*What is needed*. Begin at the line where "BauEdge Monocomando de" appears and reproduce exactly every line through the end of the data below, both included, skipping pictures.

*Dataset excerpt*.
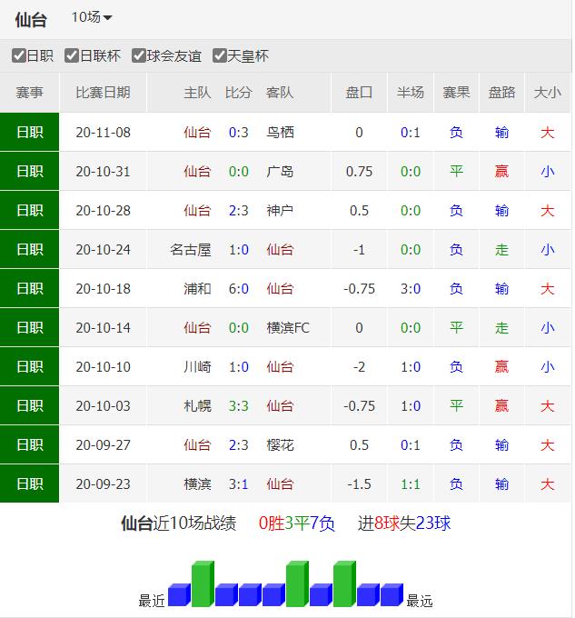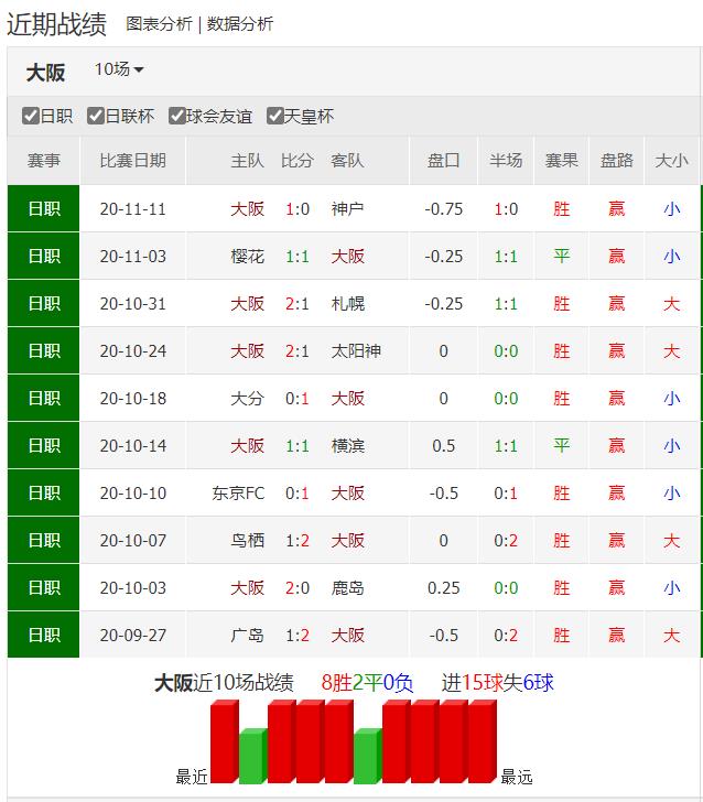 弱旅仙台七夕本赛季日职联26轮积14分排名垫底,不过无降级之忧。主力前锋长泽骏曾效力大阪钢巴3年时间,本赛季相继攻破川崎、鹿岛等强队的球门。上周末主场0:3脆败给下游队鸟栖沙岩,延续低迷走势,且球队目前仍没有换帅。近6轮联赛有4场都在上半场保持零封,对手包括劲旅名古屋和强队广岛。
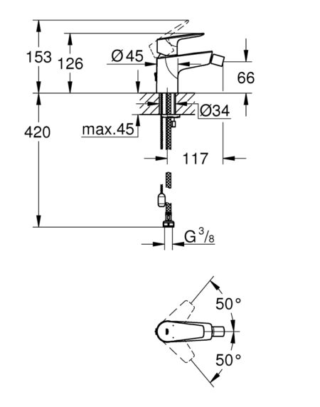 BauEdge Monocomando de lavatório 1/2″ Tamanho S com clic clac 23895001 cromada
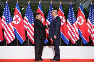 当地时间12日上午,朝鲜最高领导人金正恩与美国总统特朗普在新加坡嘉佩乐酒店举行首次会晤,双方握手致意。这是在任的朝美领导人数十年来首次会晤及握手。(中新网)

*Solution to this exercise*.
 BauEdge Monocomando de lavatório 1/2″ Tamanho S com clic clac 23895001 cromada
 当地时间12日上午,朝鲜最高领导人金正恩与美国总统特朗普在新加坡嘉佩乐酒店举行首次会晤,双方握手致意。这是在任的朝美领导人数十年来首次会晤及握手。(中新网)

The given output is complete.